Object Viewpoint Classification Based 3D Bounding Box Estimation for Autonomous Vehicles
This work addresses the perception challenge for autonomous vehicles by enhancing monocular image-based 3D detection, though it is incremental as it builds on existing two-stage frameworks.
The paper tackles 3D object detection for autonomous vehicles by introducing a viewpoint classification method to determine geometric constraints between 2D and 3D bounding boxes, resulting in improved computational efficiency and precision, particularly in orientation angle estimation, as validated on the KITTI dataset.

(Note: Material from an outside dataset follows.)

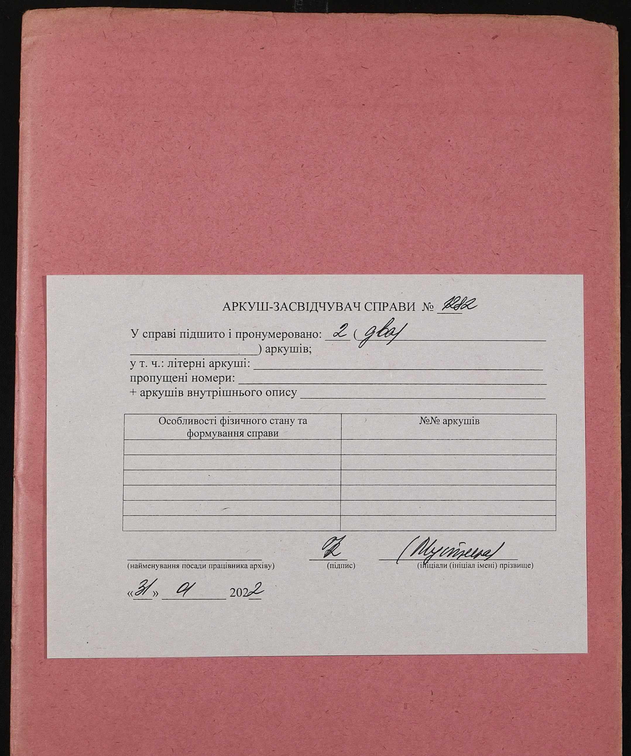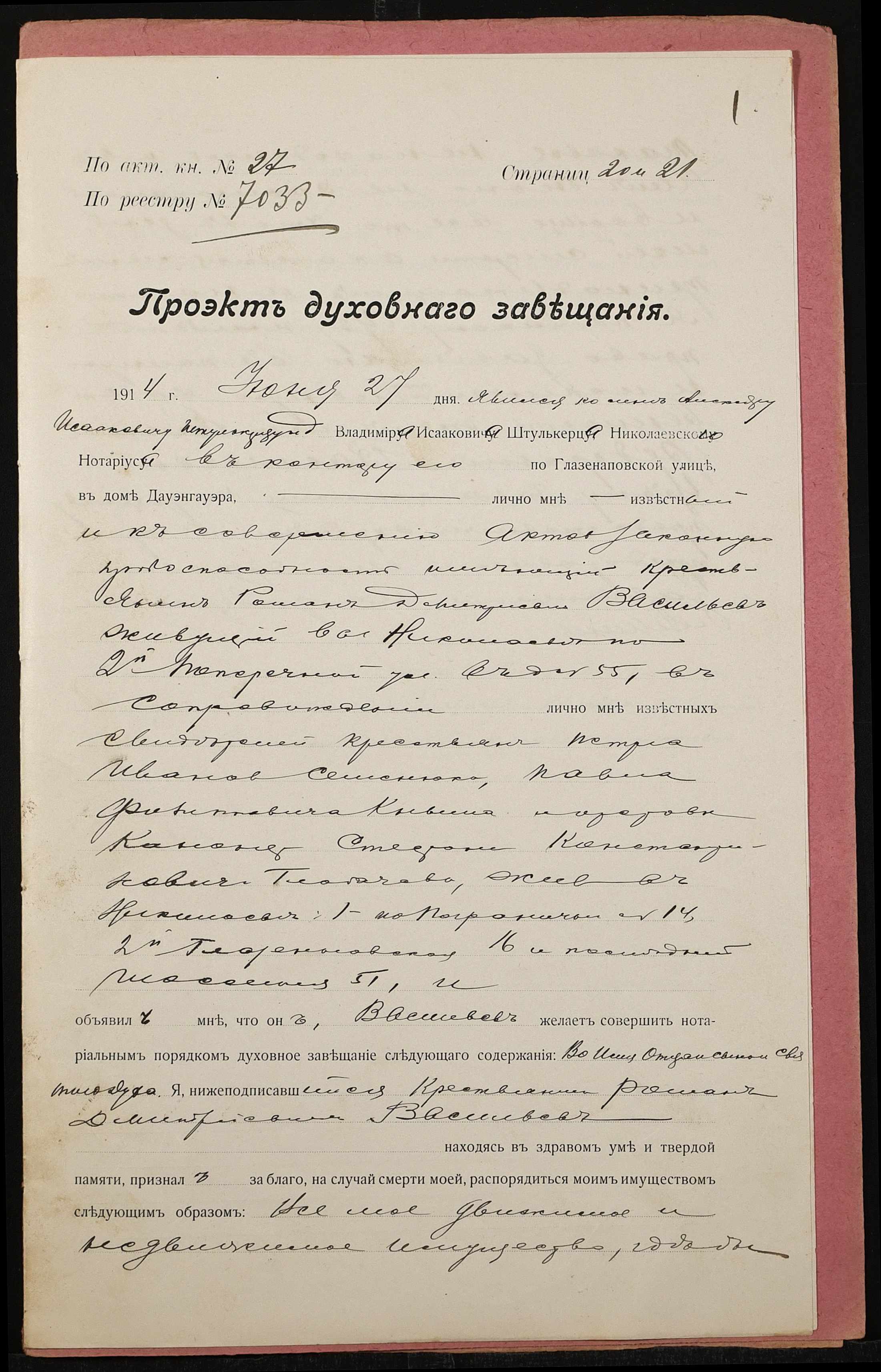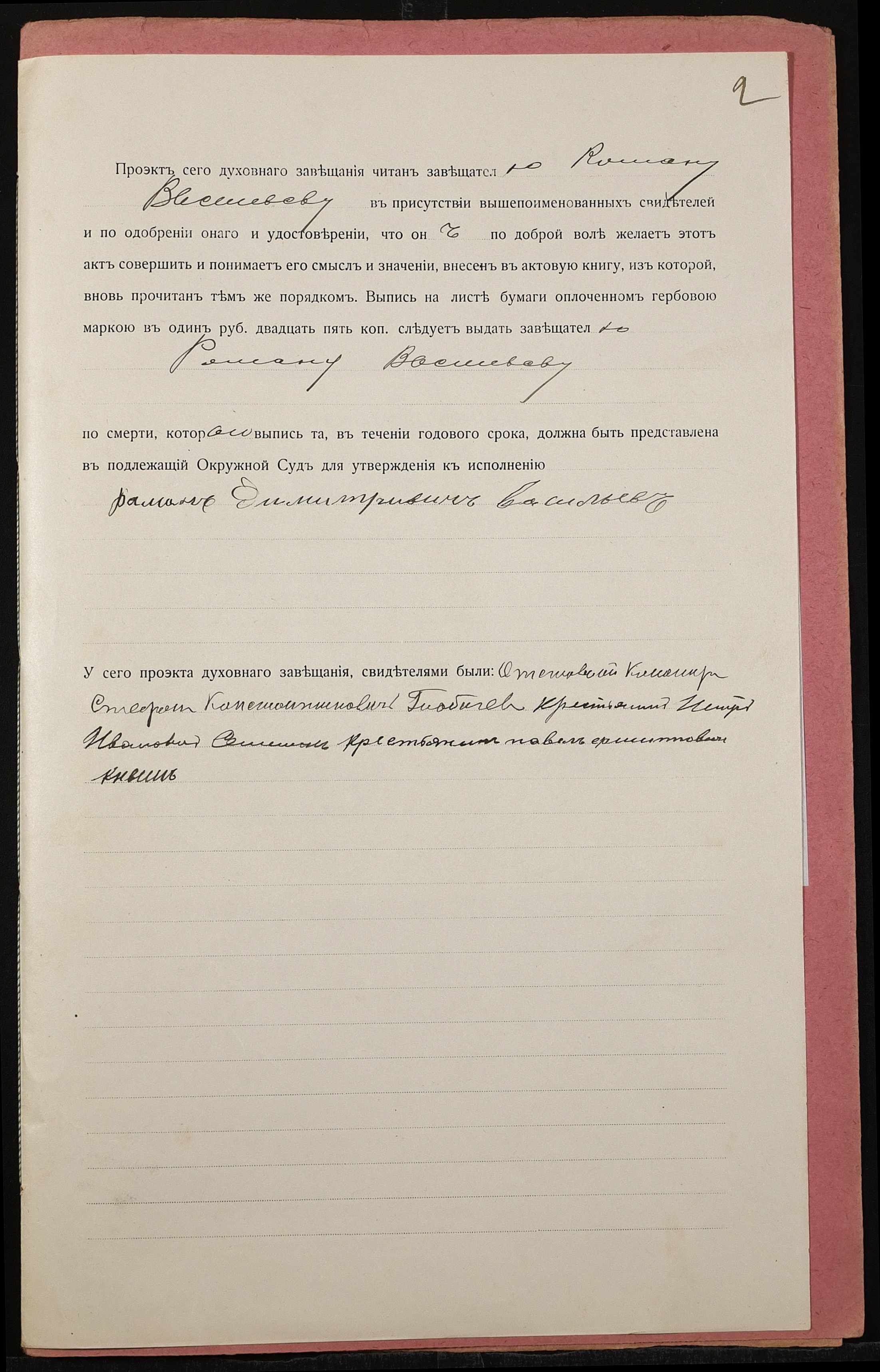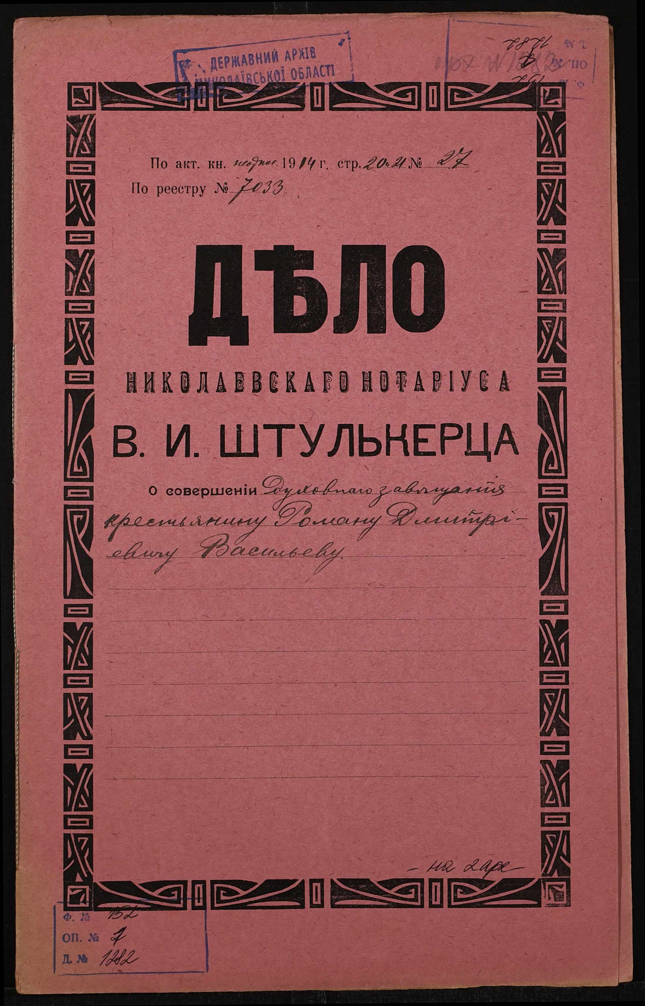 • • • • Справа № 1282 “Проєкт духівниці селянина Васильєва Романа Дмитровича (Васильева Романа Дмитриевича)”

3D object detection is one of the most important tasks for the perception systems of autonomous vehicles. With the significant success in the field of 2D object detection, several monocular image based 3D object detection algorithms have been proposed based on advanced 2D object detectors and the geometric constraints between the 2D and 3D bounding boxes. In this paper, we propose a novel method for determining the configuration of the 2D-3D geometric constraints which is based on the well-known 2D-3D two stage object detection framework. First, we discrete viewpoints in which the camera shots the object into 16 categories with respect to the observation relationship between camera and objects. Second, we design a viewpoint classifier by integrated a new sub-branch into the existing multi-branches CNN. Then, the configuration of geometric constraint between the 2D and 3D bounding boxes can be determined according to the output of this classifier. Extensive experiments on the KITTI dataset show that, our method not only improves the computational efficiency, but also increases the overall precision of the model, especially to the orientation angle estimation.